■ **EXTRACTED DATA**
· · · ·

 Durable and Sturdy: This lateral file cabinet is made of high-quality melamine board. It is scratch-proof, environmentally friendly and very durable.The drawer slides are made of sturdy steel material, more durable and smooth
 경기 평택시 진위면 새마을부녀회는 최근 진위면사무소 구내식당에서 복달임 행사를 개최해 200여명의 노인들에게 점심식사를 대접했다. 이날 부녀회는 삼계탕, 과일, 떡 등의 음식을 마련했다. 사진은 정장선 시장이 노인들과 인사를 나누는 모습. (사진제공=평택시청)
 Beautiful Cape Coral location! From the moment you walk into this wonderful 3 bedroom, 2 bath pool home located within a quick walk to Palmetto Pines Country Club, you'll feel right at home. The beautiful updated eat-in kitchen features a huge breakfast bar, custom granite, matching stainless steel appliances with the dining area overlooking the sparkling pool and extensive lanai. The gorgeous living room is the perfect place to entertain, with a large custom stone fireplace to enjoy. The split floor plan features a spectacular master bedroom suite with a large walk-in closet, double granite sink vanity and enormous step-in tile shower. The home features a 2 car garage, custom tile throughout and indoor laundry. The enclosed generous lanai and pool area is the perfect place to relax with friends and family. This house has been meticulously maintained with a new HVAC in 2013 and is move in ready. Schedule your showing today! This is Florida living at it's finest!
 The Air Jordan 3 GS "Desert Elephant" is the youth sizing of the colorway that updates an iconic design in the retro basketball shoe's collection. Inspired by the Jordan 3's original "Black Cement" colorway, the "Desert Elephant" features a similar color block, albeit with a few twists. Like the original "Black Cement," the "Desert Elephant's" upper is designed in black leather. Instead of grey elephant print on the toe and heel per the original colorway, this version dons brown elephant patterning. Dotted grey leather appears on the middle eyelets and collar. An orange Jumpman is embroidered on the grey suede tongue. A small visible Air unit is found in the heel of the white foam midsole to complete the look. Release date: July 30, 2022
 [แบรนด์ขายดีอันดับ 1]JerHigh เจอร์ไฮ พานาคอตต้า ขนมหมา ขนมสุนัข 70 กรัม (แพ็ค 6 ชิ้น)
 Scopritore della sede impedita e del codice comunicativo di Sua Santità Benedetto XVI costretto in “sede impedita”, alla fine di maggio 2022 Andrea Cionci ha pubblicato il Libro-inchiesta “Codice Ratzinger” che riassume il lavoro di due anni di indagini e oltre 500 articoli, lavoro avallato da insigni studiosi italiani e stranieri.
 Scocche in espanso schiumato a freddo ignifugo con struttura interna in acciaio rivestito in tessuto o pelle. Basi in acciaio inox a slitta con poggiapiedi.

· · · ·

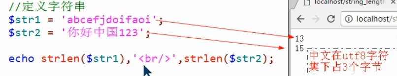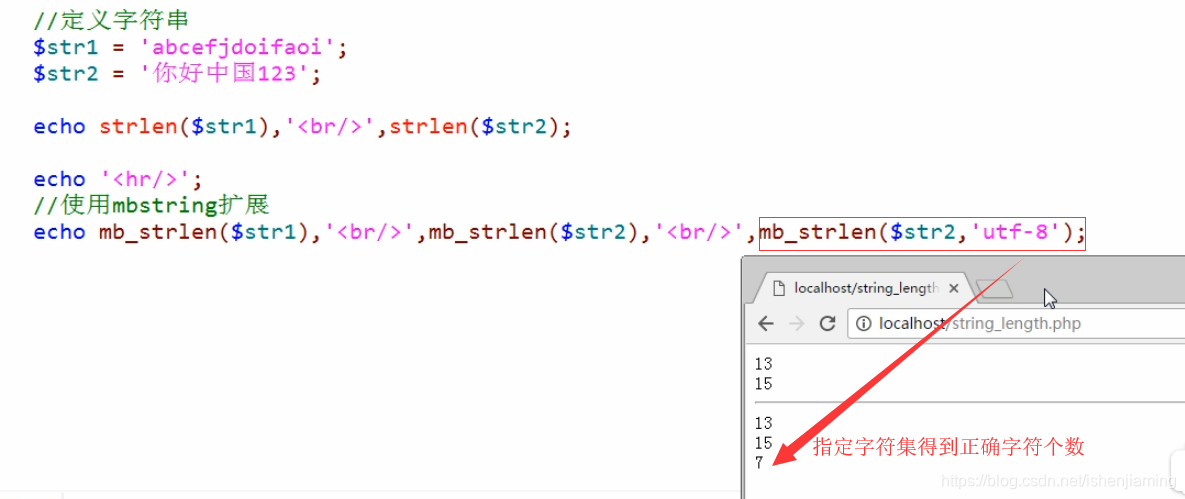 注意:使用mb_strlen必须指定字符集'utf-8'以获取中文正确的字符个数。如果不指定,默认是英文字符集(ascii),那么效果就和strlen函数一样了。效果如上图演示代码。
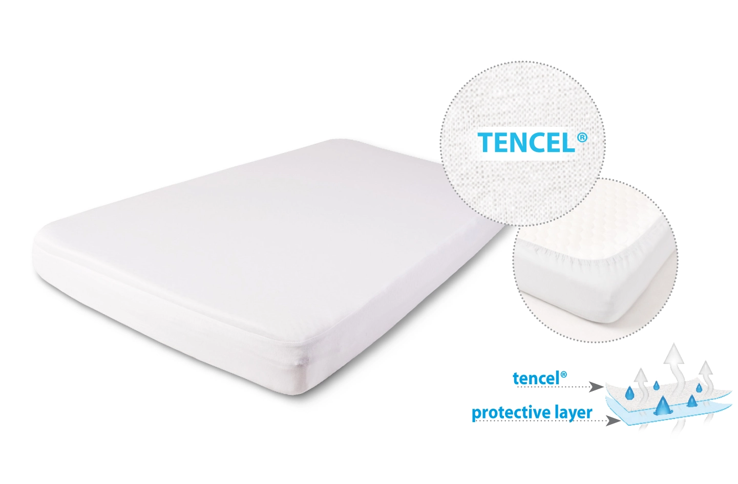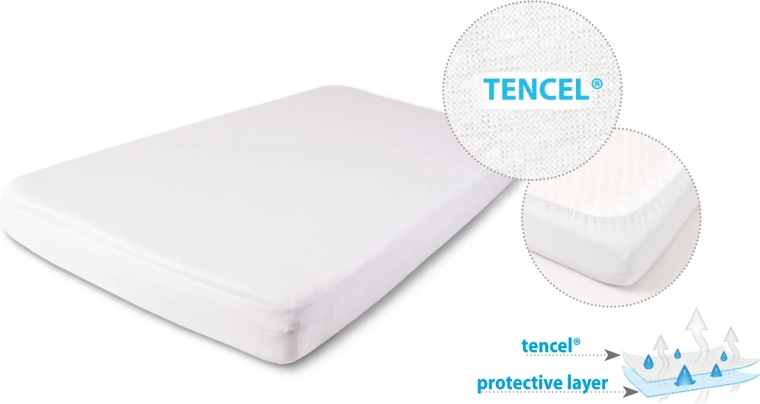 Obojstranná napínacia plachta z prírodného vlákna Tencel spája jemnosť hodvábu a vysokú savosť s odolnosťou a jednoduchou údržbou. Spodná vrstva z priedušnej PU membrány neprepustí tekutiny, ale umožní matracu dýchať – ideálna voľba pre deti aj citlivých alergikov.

· · · ·

■ **WHAT IS NEEDED**
Would you retype the lines above from the one with "Durable and Sturdy: This" down to the one with "[แบรนด์ขายดีอันดับ 1]JerHigh เจอร์ไฮ", word for word, both ends included and no other lines?

■ **TASK RESPONSE**
 Durable and Sturdy: This lateral file cabinet is made of high-quality melamine board. It is scratch-proof, environmentally friendly and very durable.The drawer slides are made of sturdy steel material, more durable and smooth
 경기 평택시 진위면 새마을부녀회는 최근 진위면사무소 구내식당에서 복달임 행사를 개최해 200여명의 노인들에게 점심식사를 대접했다. 이날 부녀회는 삼계탕, 과일, 떡 등의 음식을 마련했다. 사진은 정장선 시장이 노인들과 인사를 나누는 모습. (사진제공=평택시청)
 Beautiful Cape Coral location! From the moment you walk into this wonderful 3 bedroom, 2 bath pool home located within a quick walk to Palmetto Pines Country Club, you'll feel right at home. The beautiful updated eat-in kitchen features a huge breakfast bar, custom granite, matching stainless steel appliances with the dining area overlooking the sparkling pool and extensive lanai. The gorgeous living room is the perfect place to entertain, with a large custom stone fireplace to enjoy. The split floor plan features a spectacular master bedroom suite with a large walk-in closet, double granite sink vanity and enormous step-in tile shower. The home features a 2 car garage, custom tile throughout and indoor laundry. The enclosed generous lanai and pool area is the perfect place to relax with friends and family. This house has been meticulously maintained with a new HVAC in 2013 and is move in ready. Schedule your showing today! This is Florida living at it's finest!
 The Air Jordan 3 GS "Desert Elephant" is the youth sizing of the colorway that updates an iconic design in the retro basketball shoe's collection. Inspired by the Jordan 3's original "Black Cement" colorway, the "Desert Elephant" features a similar color block, albeit with a few twists. Like the original "Black Cement," the "Desert Elephant's" upper is designed in black leather. Instead of grey elephant print on the toe and heel per the original colorway, this version dons brown elephant patterning. Dotted grey leather appears on the middle eyelets and collar. An orange Jumpman is embroidered on the grey suede tongue. A small visible Air unit is found in the heel of the white foam midsole to complete the look. Release date: July 30, 2022
 [แบรนด์ขายดีอันดับ 1]JerHigh เจอร์ไฮ พานาคอตต้า ขนมหมา ขนมสุนัข 70 กรัม (แพ็ค 6 ชิ้น)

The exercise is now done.